DATA SECTION: Begin

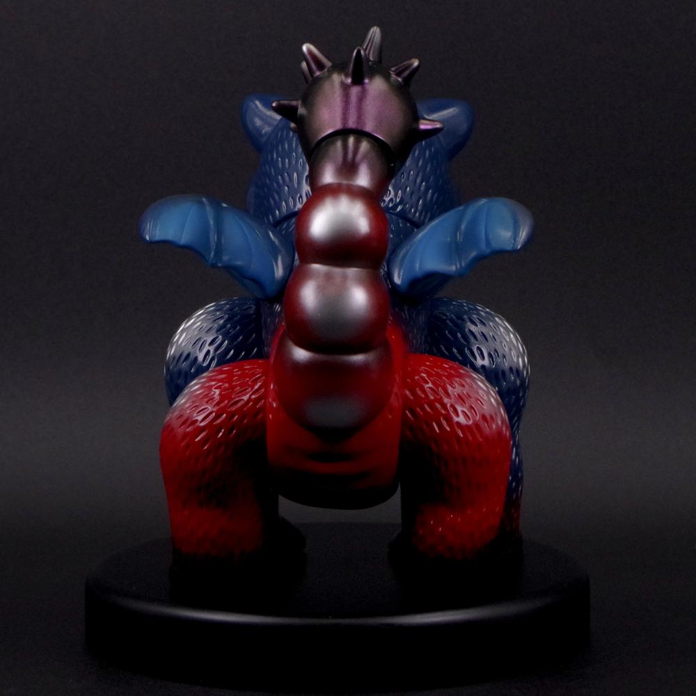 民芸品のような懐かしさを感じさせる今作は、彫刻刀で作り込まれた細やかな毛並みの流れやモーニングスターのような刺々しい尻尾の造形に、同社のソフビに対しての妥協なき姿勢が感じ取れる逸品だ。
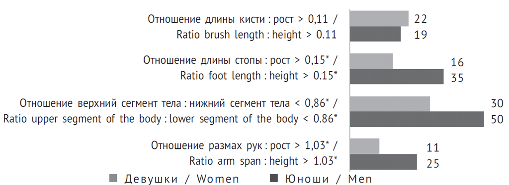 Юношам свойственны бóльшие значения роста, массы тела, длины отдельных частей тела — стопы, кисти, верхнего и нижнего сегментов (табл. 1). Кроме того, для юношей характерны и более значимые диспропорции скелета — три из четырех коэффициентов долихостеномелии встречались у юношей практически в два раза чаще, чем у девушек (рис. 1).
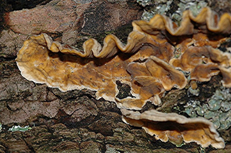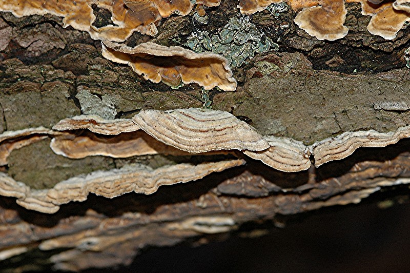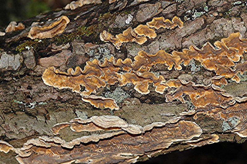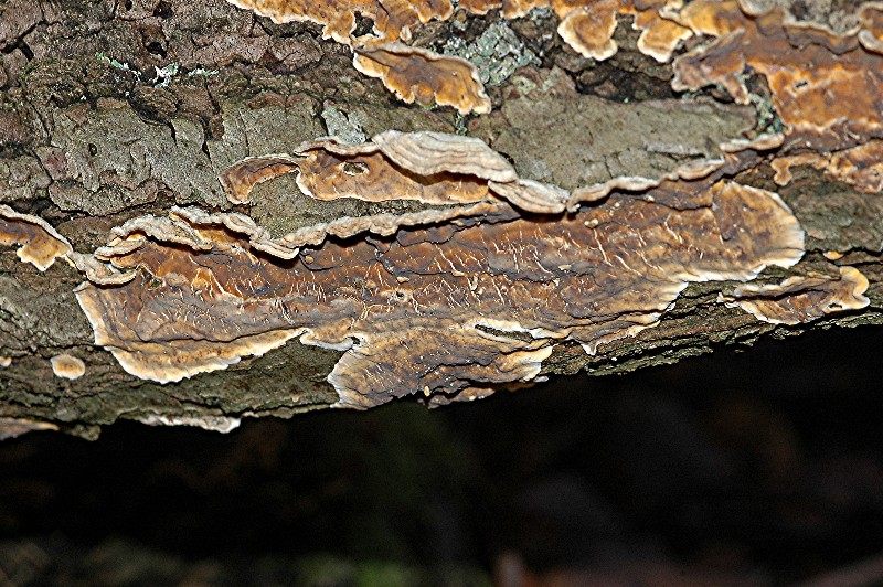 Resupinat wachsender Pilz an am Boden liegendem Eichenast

DATA SECTION: End
DATA SECTION: Begin

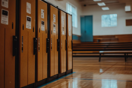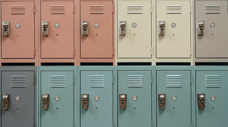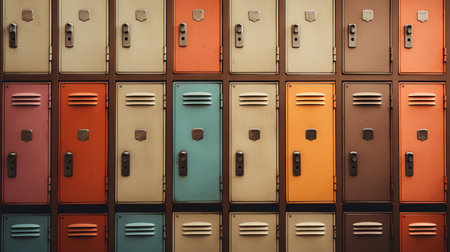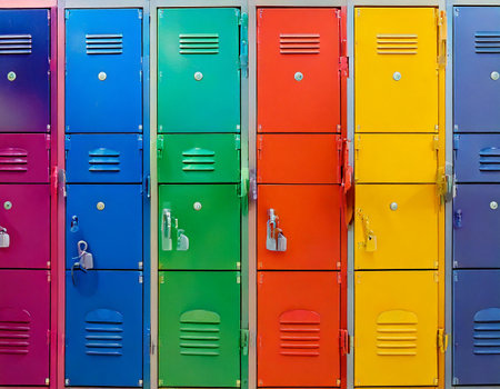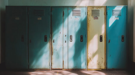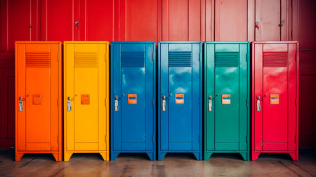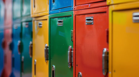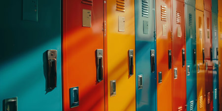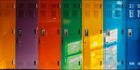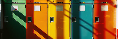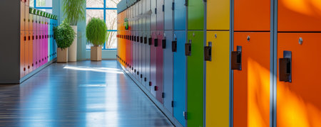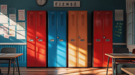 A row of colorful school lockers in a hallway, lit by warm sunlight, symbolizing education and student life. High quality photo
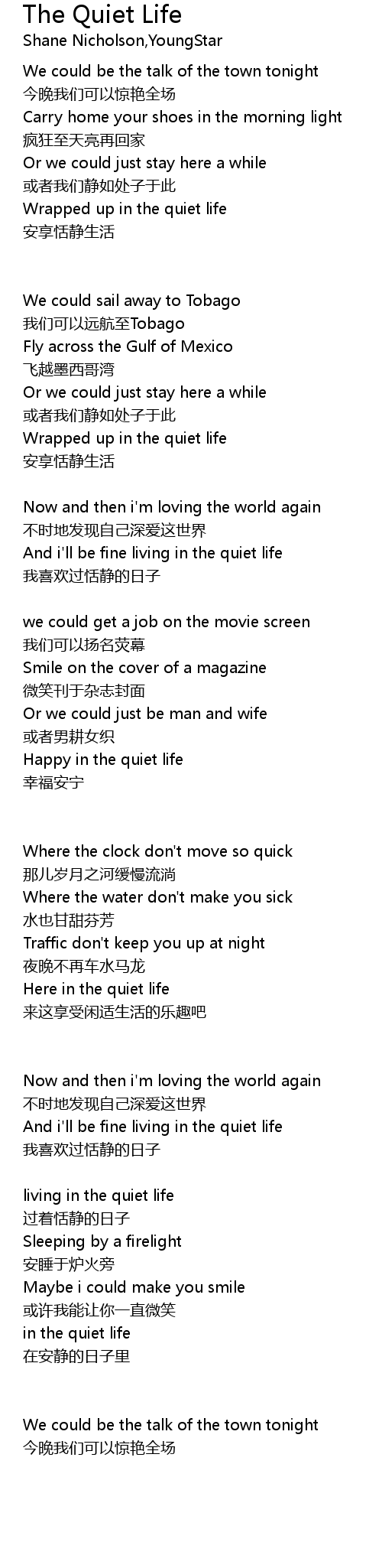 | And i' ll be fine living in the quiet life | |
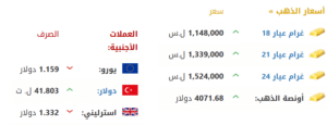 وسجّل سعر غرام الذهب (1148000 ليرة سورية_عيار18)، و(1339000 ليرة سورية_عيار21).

DATA SECTION: End
DATA SECTION: Begin

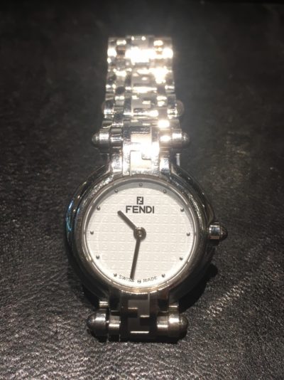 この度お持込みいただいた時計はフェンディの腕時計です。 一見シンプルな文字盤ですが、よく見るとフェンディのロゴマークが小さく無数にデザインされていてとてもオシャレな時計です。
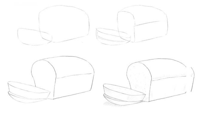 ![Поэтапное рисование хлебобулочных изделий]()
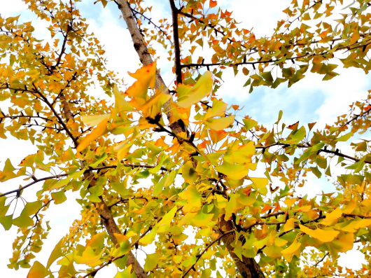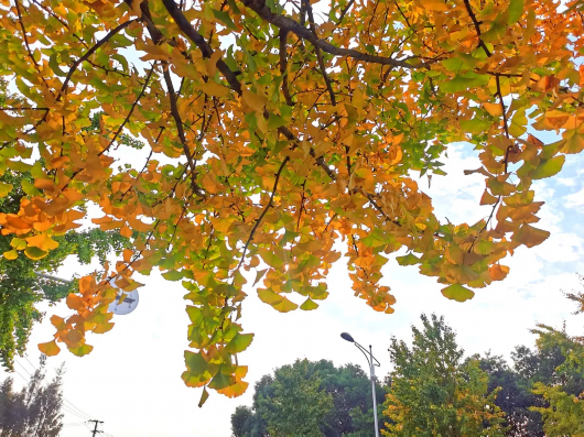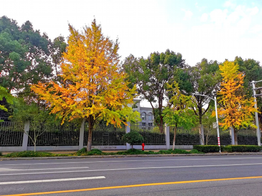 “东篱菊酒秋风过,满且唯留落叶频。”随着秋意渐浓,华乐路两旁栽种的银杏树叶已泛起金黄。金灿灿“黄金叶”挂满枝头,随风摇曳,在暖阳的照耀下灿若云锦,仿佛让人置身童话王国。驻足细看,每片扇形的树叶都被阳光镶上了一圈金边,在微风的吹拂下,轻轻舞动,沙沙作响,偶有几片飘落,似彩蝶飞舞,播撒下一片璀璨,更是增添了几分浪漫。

DATA SECTION: End

## WORK TO COMPLETE
Skipping the pictures, print the lines in the listing above exactly as written, starting at the line with "Юношам свойственны бóльшие" and ending at the line with "Resupinat wachsender Pilz", both included.

## EXERCISE ANSWER
 Юношам свойственны бóльшие значения роста, массы тела, длины отдельных частей тела — стопы, кисти, верхнего и нижнего сегментов (табл. 1). Кроме того, для юношей характерны и более значимые диспропорции скелета — три из четырех коэффициентов долихостеномелии встречались у юношей практически в два раза чаще, чем у девушек (рис. 1).
 Resupinat wachsender Pilz an am Boden liegendem Eichenast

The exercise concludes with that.